Why do you sometimes see two DKIM signature on a single email?

You maybe already noticed on some emails received, when looking at the headers you can find 2 DKIM signatures, and 2 DKIM results, one using your own domain (bressier.fr on this example) and one using your ESP's domain (sendib.com on this example). Why the heck your ESP is doing that ?

Authentication-Results: mx.google.com;
       dkim=pass header.i=@bressier.fr header.s=mail header.b=xjAWgYt1;
       dkim=pass header.i=@sendib.com header.s=mail header.b=zNRqfud1;
       spf=pass (google.com: domain of noreply@sib.scanmy.email designates 212.146.215.142 as permitted sender) smtp.mailfrom=noreply@sib.scanmy.email;
       dmarc=pass (p=REJECT sp=REJECT dis=NONE) header.from=bressier.fr
DKIM-Signature: a=rsa-sha256; bh=Mi4Ptruf3aiF5LqQkgnB4ysAKkkkxo7wikG3Cc8o8SE=; c=relaxed/relaxed; d=bressier.fr; h=to:cc:from:reply-to:subject:date:mime-version:content-type:list-id:list-unsubscribe:x-csa-complaints:list-unsubscribe-post:message-id:sender:x-sib-id:x-mailin-client:x-mailin-campaign:feedback-id; q=dns/txt; s=mail; t=1618653372; v=1; b=xjAWgYt1qLwxzeO4C58+13pa9xUbhy7osvfEYNu9BxDHRAzdq6um9dUjbiGlyQZNVQGGWkxr LOqZAI782Tl0Jm8KhW2XOPXTM0tbyIeBCkaSBAur6A+xATnhqXCbmWYmOLPhYAinKPpgpH6RDsE rlA4CvDQtkEemLYEdpH9MdIE=
DKIM-Signature: a=rsa-sha256; bh=Mi4Ptruf3aiF5LqQkgnB4ysAKkkkxo7wikG3Cc8o8SE=; c=relaxed/relaxed; d=sendib.com; h=to:cc:from:reply-to:subject:date:mime-version:content-type:list-id:list-unsubscribe:x-csa-complaints:list-unsubscribe-post:message-id:sender:x-sib-id:x-mailin-client:x-mailin-campaign:feedback-id; q=dns/txt; s=mail; t=1618653372; v=1; b=zNRqfud1FiIa3SwHWVBTmpyr+qVOVtfmBskmAAwTG0joD9DFcexOf6BRCyTRao4GU+FKo8oU I7qru7U+/ZwqZvgWi0Eu2qh07obCYys3bnNrCMZ86UGSP+Oa4i09Sn046i9ve3JIFllaFsR1zb6 jIt74VPPNzYVPW42qpRS3AmY=

Signing the emails sent with your domain, is obviously done to let the recipient server know the email has not been altered between sending and reception, that's a fact, it is also done to let the server know you are the owner of this sending domain (as you've been able to sign with the private RSA key associated to the public key stored on the DNS zone of your domain, also called DKIM record) What is less obvious is that second signature, which is mostly performed on 2 destinations:

  • Gmail
  • VMG destinations (Verizon Media Group, including at least Yahoo, AOL)

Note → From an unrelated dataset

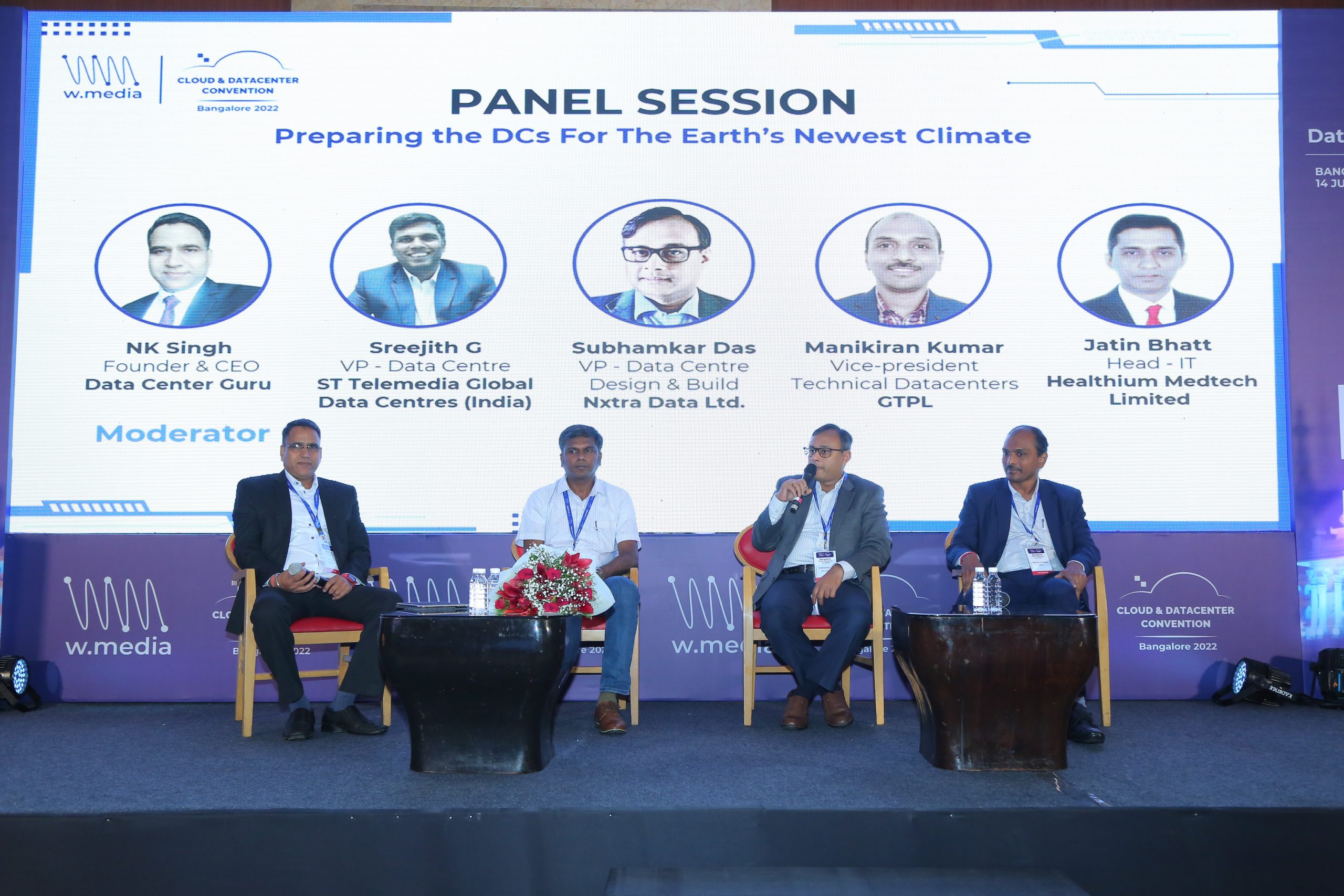In a panel discussion titled ‘Preparing the DCs for the Earth’s newest climate’ during W.Media’s Bangalore Cloud and Data Center Convention 2022. Thought leaders shared their insights on the initiatives and steps that need to be taken to shield the data center from global warming and how to be prepared for a more demanding situation. The session was moderated by NK Singh, Founder & CEO, Data Center Guru. The panelists included Sreejith G, VP – Data Centre, STT GDC India, Subhamkar Das, VP – Data Centre Design & Build, Nxtra Data Ltd and Manikiran Kumar, Vice-president Technical Datacenters, GTPL.

Indeed, that destinations are not providing usual FBL programs (feedback loops, spam complaints programs) . Most of the FBL programs are IP based, meaning that the ESP needs to enroll all its sending IPs on the provider's FBL program. VMG and Gmail are providing FBLs based on DKIM domains, meaning the FBL spam complaints reported by recipients will only be sent back to the owner of the domain used to DKIM sign the message. If you have enrolled your domain on Google Postmaster Tools you'll be able to access the complaint rates of your emails, if you have enrolled your domain on VMG's FBL program you'll receive complaints on ARF format to the email address you've used to subscribe.

But your ESP also need to receive that complaints, as it is managing spam complaints for you, and usually blocking the involved recipients to prevent them from receiving new emails from you, that's why a second DKIM signature is added, with ESP's domain already enrolled on GPT and VMG FBL, to receive spam complaints reported by your recipients.

Both signatures are evaluated on recipient side, and if you do have a DMARC record on your sending domain, only the signature using your domain will be taken into consideration to compare the DKIM domains alignment.